Τετάρτη 22 Ιανουαρίου 2020

The role of sonography in differentiating congenital intrinsic duodenal anomalies from midgut malrotation: emphasizing the new signs of duodenal and gastric wall thickening and hyperechogenicity

The role of sonography in differentiating congenital intrinsic duodenal anomalies from midgut malrotation: emphasizing the new signs of duodenal and gastric wall thickening and hyperechogenicity:

Abstract



Background

The clinical and plain radiographic differentiation of congenital intrinsic duodenal anomalies (atresia, web, stenosis) from intestinal malrotation is not always clear. Although sonography has been documented as an important diagnostic tool in the differentiation of these two entities, its role is still not widely appreciated and it is still not universally utilized in this clinical setting.




Objective

To assess the usefulness of sonographic features of the duodenal and gastric wall in the differentiation of congenital intrinsic duodenal anomalies from midgut malrotation in a large series of neonates and to compare them with other features on abdominal radiographs, ultrasound and upper gastrointestinal series.




Materials and methods

Using the surgical database at our tertiary pediatric hospital, we identified neonates who had surgically proven congenital intrinsic duodenal anomalies or malrotation over a period of 15 years (2000–2015). We reviewed imaging findings in both groups of neonates (blinded to the final diagnosis) with attention to the echogenicity and thickness of the wall of the duodenum and stomach, the relationship between the superior mesenteric artery and vein, the position of the third portion of the duodenum and the presence of the whirlpool sign.
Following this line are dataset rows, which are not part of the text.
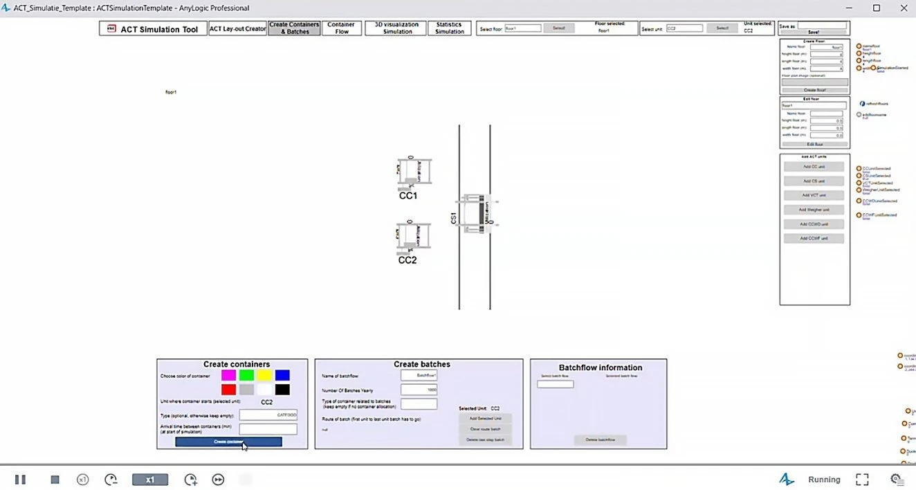 To address these challenges, KSE adopted AnyLogic. Using an agent-based simulation modeling approach, they created a simulation model in which each Automated Container Transfer (ACT) system’s unit type, such as elevators, conveyors, and dosing units, was represented as an agent.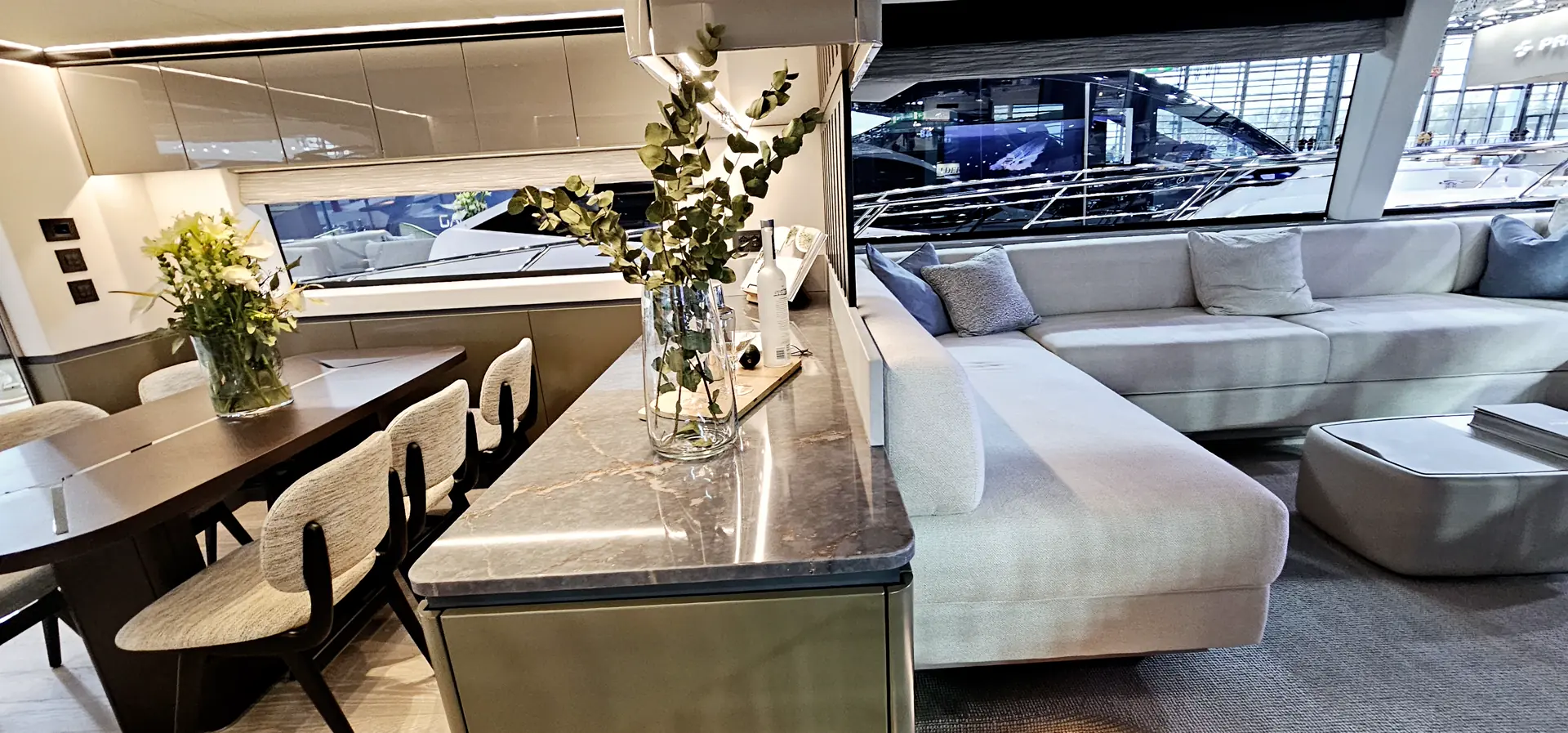 Videre inn møter vi en stor spisegruppe med løse stoler, som man bare finner på de store yachtene. Pantry er også helt akter og inneholder vinskap og oppvaskemaskin. Marmordisk, store kjøleskap og fryseskuffer, alt lagt til rette for å diske opp de beste måltid til gjestene ombord.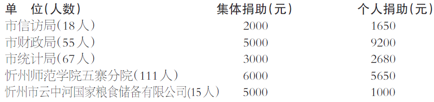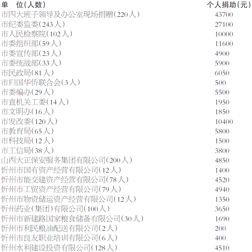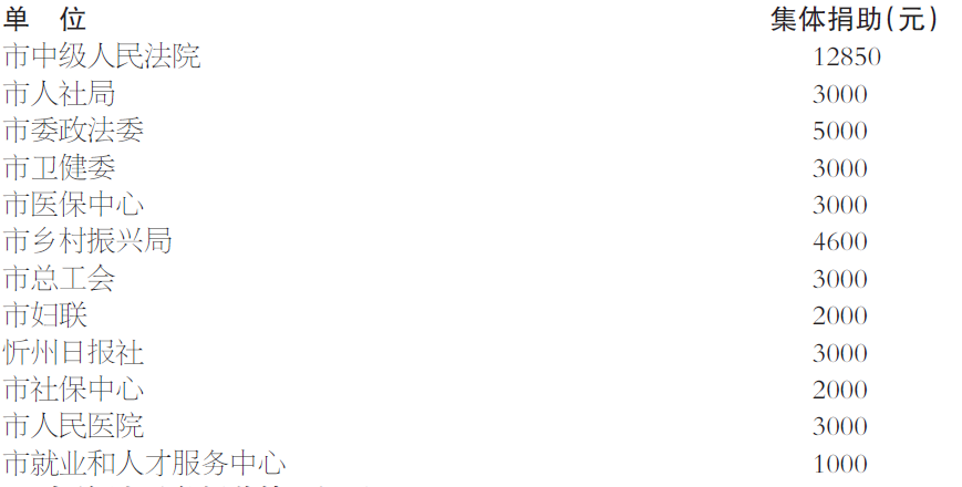 2023年11月10日,市委、市政府辦公室發(fā)出《關(guān)于開展“送溫暖、獻(xiàn)愛心”社會捐助活動的通知》,市四大班子領(lǐng)導(dǎo)和機關(guān)率先垂范,各縣(市、區(qū))、各單位高度重視,認(rèn)真組織,廣大干部職工積極響應(yīng),“送溫暖、獻(xiàn)愛心”社會捐助活動有效開展。截至2024年4月底,市直133個單位組織干部職工參與捐助,共捐款83.37萬元,各縣(市、區(qū))接收捐款365.92萬元,合計捐款449.29萬元,為解決我市困難群眾的基本生活問題起到了積極作用。現(xiàn)將捐助情況公告如下(市直單位以捐助時間先后為序):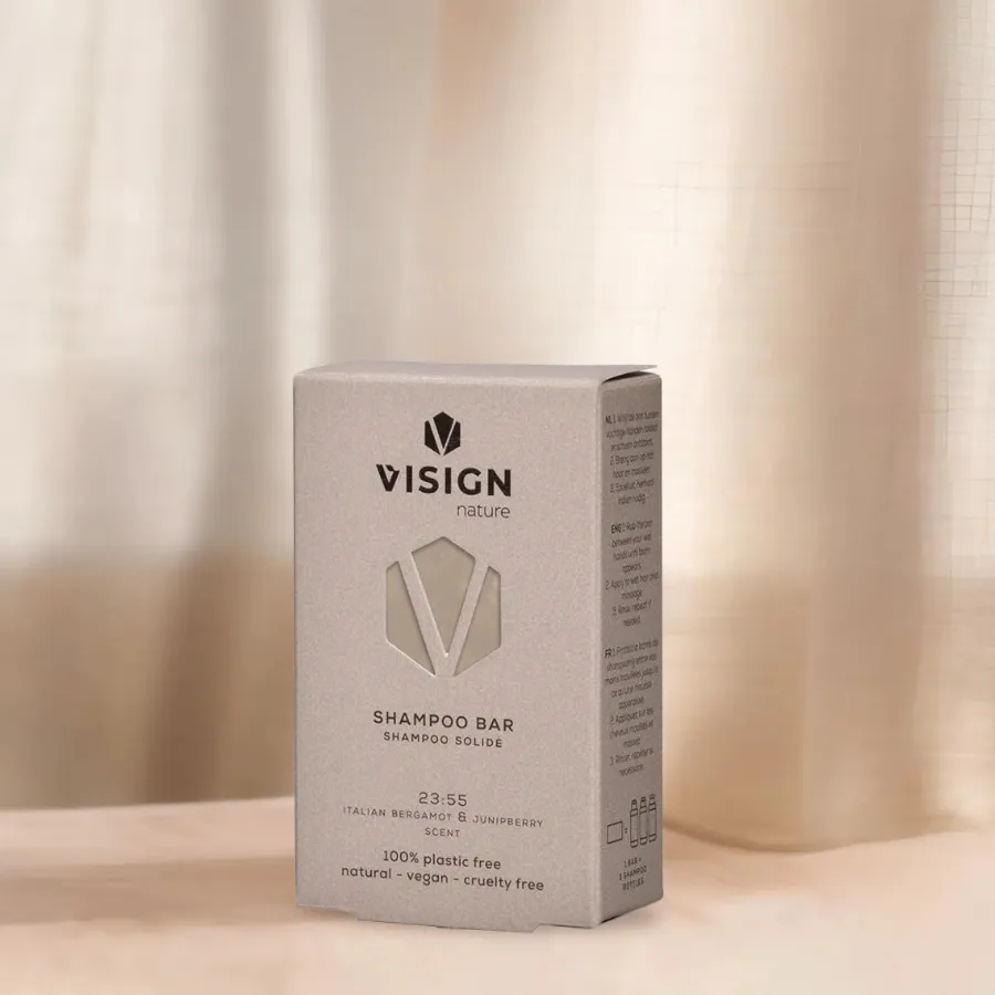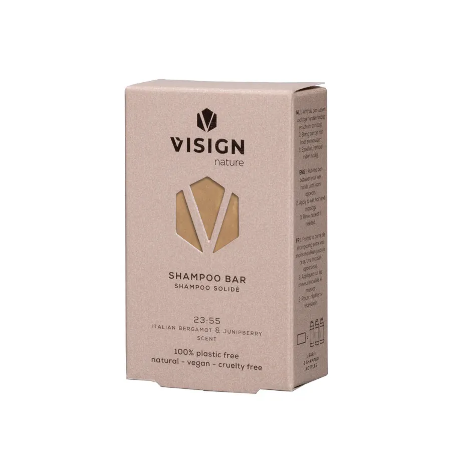 Šampon obsahuje bambucké máslo a arganový olej, které vyživují vlasy. Aloe vera hydratuje pokožku a rýžový protein zase dodá vašim vlasům objem. Po použití vložte šampon do našeho obalu vytvořeného právě pro tyto tuhé produkty, který se dá zavěsit i za ouško. Vhodné pro všechny typy vlasů. Koupelové a tělové produkty VISIGN NATURE obsahují olejový extrakt ze santalového dřeva, damašskou růží a extrakt z eukalyptu. Perfektní péče pro výživu a hydrataci pokožky. Jsou veganské a cruelty-free. Neobsahují parabeny, sulfáty, minerální oleje, lepek, ethanolamin, cyklické silikony a PEG sloučeniny. Obal je vyroben z cukrové třtiny a plně recyklovatelný.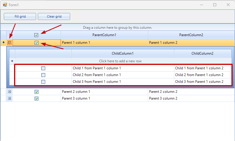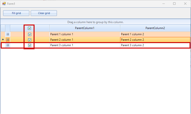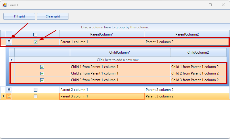 There are also some issues with the header check in the child rows. In this case, I do not have the EnableHeaderCheckBox = true in the GridViewTemplate but the problem is similar. Checking all the child rows of a certain parent row through the header check, updates the value on the "Chk" column but does not update it visually with the color.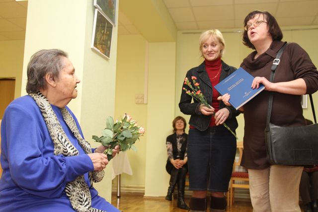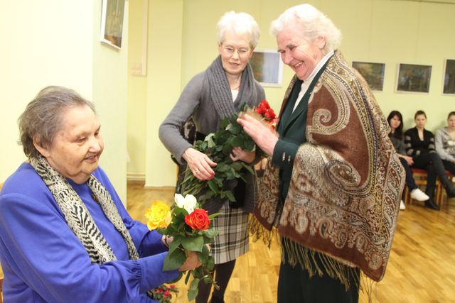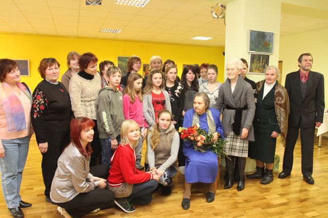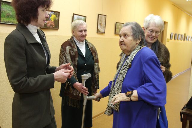 Šobrīd Tairīte mazmazliet veselību Irlavas slimnīcā uzlabo. Nu jau labu laiku. Viņai te patīk, un slimnīcas ļaudīm viņa kļuvusi savējā. Izstādi rosināja un kūrēja slimnīcas galvenā ārste Valentija Enbure. Ne mazums klapatu bijis, lai bildes tiktu tautas namā pie sienām. Nu tās tur ir. Trīsdesmit piecas. Tāds nieks vien no Tairītes veikuma. Vaicājam, vai maz pati zina vietu, malu, kur viņas darbi tautās izsvaidīti un pati arī izrādījusies? Tairīte pieklusa, domāja. Teicās padomāt. Māksliniecei mugurā koši zils mētelis. Zem tā – debeszila kleita. Protams, košāka pār plašo virs mākoņiem. Lai ļaudis redz! Acīs mākslieniecei mirdz lepnība. Ir arī par ko. Plecos tikai astoņdesmit astoņi gadi. Divi kliņģeri – četras nulles. Trīsdesmit trīs arī sanāk, ja ciparu uz pusēm pāršķēlē un otru pusi malā noliek.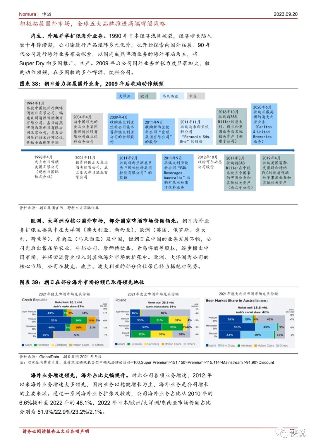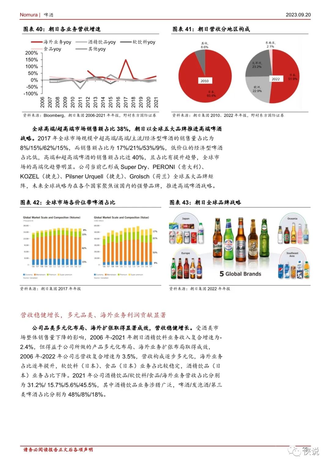 拓展多元化版图是长期发展之路。复盘日本龙头公司成长历程,朝日在 1949年重组后发展陷入困境,通过成功打造“Super Dry”焕发新生,且在日本啤酒市场增长停滞后,通过产品矩阵多元化、拓展国外市场贡献新成长点,多元品类及海外业务是公司近年利润增长的主要拉动力。

Findings were compared between the groups using the unpaired t-test and Fisher exact test.




Results

We included 107 neonates in the study, 40 with a congenital intrinsic duodenal anomaly, 49 with malrotation (36 with volvulus) and 18 with a combination of both. Duodenal and gastric wall thickening and hyperechogenicity were significantly more common in the group with a congenital intrinsic duodenal anomaly compared to those with malrotation (P<0.0001). Conversely, an abnormal relationship between the superior mesenteric artery and vein, abnormal position of the third part of the duodenum, and the whirlpool sign were significantly more common in neonates with malrotation than in those with congenital intrinsic duodenal anomalies (P<0.0001).




Conclusion

Duodenal or gastric wall thickening, and increased wall echogenicity are helpful sonographic features in the differentiation of congenital intrinsic duodenal anomalies from malrotation. Evaluation of the duodenal and gastric wall should thus be added to the features routinely assessed on ultrasound examinations in the clinical setting of suspected duodenal obstruction in the neonate.